I think it was the Insanity workout videos that first taught me the important of breathing out. Shaun T told the audience to take one big huff of a breath out – and then keep going with the workout. Surprisingly, it worked. Exhaling really deeply seemed to somehow energize me and allow me to keep going. I’ve used those big deep huff breaths in many athletic endeavors since – when I’m scaling a tough hill in a marathon, or trying to win the 30 second in-class race at Flywheel. Breathing out deeply in one big exhale seems to clear my mind, focus me, and give me an extra boost that helps me go my hardest.
Since then, I’ve seen the advice to breathe out repeated other places as well, and it seems to keep popping up all over the place – like this Ben Greenfield Fitness podcast that reminded me that breathing out is even more important than breathing in.
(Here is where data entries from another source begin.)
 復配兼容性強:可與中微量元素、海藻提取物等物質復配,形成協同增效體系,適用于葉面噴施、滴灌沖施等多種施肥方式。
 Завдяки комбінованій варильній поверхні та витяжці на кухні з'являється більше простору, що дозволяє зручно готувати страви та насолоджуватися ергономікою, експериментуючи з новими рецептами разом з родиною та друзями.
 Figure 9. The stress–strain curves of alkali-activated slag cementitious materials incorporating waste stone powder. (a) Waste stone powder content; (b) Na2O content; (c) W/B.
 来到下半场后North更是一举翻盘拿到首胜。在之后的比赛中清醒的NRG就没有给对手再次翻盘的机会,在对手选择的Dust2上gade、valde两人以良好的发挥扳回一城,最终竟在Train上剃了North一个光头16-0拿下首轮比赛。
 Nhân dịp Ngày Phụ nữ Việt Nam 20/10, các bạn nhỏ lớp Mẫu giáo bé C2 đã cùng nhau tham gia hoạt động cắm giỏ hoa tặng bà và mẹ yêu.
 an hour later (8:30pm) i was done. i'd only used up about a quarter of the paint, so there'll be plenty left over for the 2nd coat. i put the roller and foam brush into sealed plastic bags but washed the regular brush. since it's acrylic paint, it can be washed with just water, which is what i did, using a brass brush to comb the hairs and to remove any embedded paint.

According to one article, even swimmers have a lot of trouble breathing out – despite the fact that breathing is one of the first things you’d think you have to master in order to do strokes like crawl, breaststroke, and butterfly. Apparently I’m not the only one who’s neglecting to breathe out – it’s human nature. Your body doesn’t let you forget to breathe in (try it and you’ll start choking before too long), but you don’t always focus on getting all that stale air out before you take in new fresh air – and that can cause a lot of problems.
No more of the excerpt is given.